Solve[c1 && c2 && c3 && c4]

{{b1 -> 0.551683 - 0.197769 I, b2 -> 0.163159 - 0.453896 I, b3 -> 0.29314 - 0.549955 I, b4 -> -1.81831*10^-10 + 9.53055*10^-10 I, r1 -> -0.336636 - 0.847225 I, rIm1 -> 0.895327 - 1.06646 I, t1 -> -0.245692 + 0.329425 I, tIm1 -> -1.91242*10^6 + 1.17446*10^6 I}}

In M9 you have to specify which variable you want to solve for.
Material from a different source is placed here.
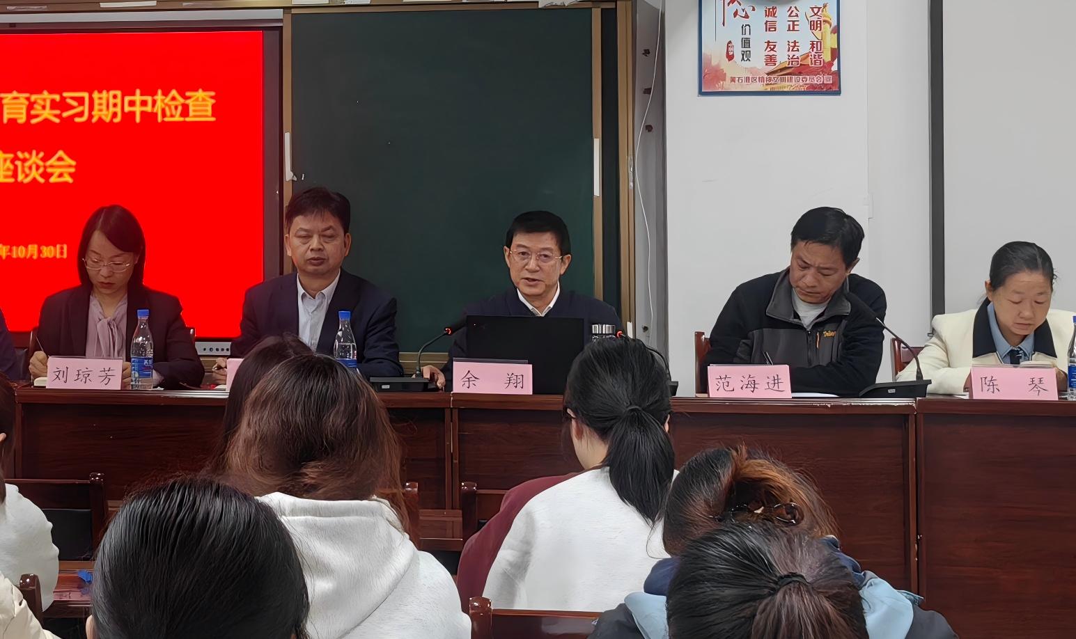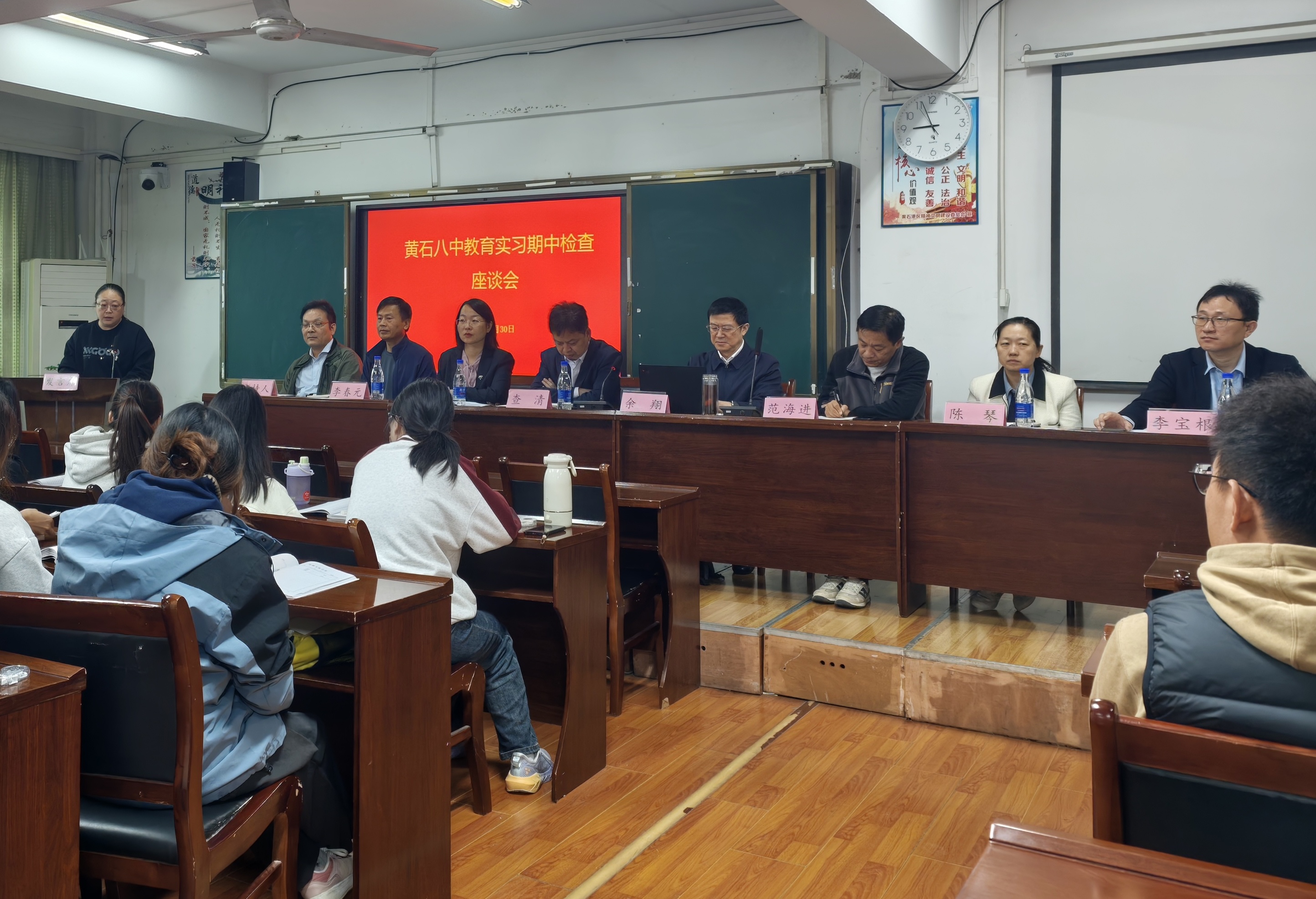2025年10月30日上午,我校副校长余翔率队赴黄石市第八中学开展教育实习检查工作,通过座谈会、师生交流等形式全面了解实习生情况,并就深化校际合作、提升师范生人才培养质量提出指导意见。黄石八中党总支书记查清、校长范海进、副校长李春元,我院党委书记刘琼芳、副院长陈琴、系主任李宝根及指导教师代表、全体实习生参与活动。会议由黄石八中教务主任黄勇主持。

For example

Solve[c1 && c2 && c3 && c4, {b1, b2, b3, b4, r1, rIm1, t1, tIm1}];
Simplify[%, Assumptions -> y > 0]

{{b2 -> (-0.511444 - 0.225877 I) + (1.21486 + 0.0221892 I) b1, b3 -> (0.536368 - 0.877726 I) - (0.579409 - 0.386421 I) b1, b4 -> (-9.68142*10^-10 + 5.66735*10^-10 I) + (1.04054*10^-9 + 1.07328*10^-9 I) b1, r1 -> (-0.834692 - 0.882983 I) + (0.779397 + 0.344217 I) b1, rIm1 -> (0.0198637 - 0.977868 I) + (1.4572 + 0.361793 I) b1, t1 -> (0.455882 - 0.585599 I) - (1.65376 - 1.06576 I) b1, tIm1 -> (674473. + 2.78309*10^6 I) - (3.22886*10^6 + 4.07336*10^6 I) b1}}

You are not getting independent solutions because you have 9 variables and 8 (4 complex) equations. This is mentioned in the error message as well

Solve::svars: Equations may not give solutions for all "solve" variables. >>

If you freeze one variable (say y=0)

Solve[Block[{y = 0}, c1 && c2 && c3 && c4], {b1, b2, b3, b4, r1, rIm1, t1, tIm1}]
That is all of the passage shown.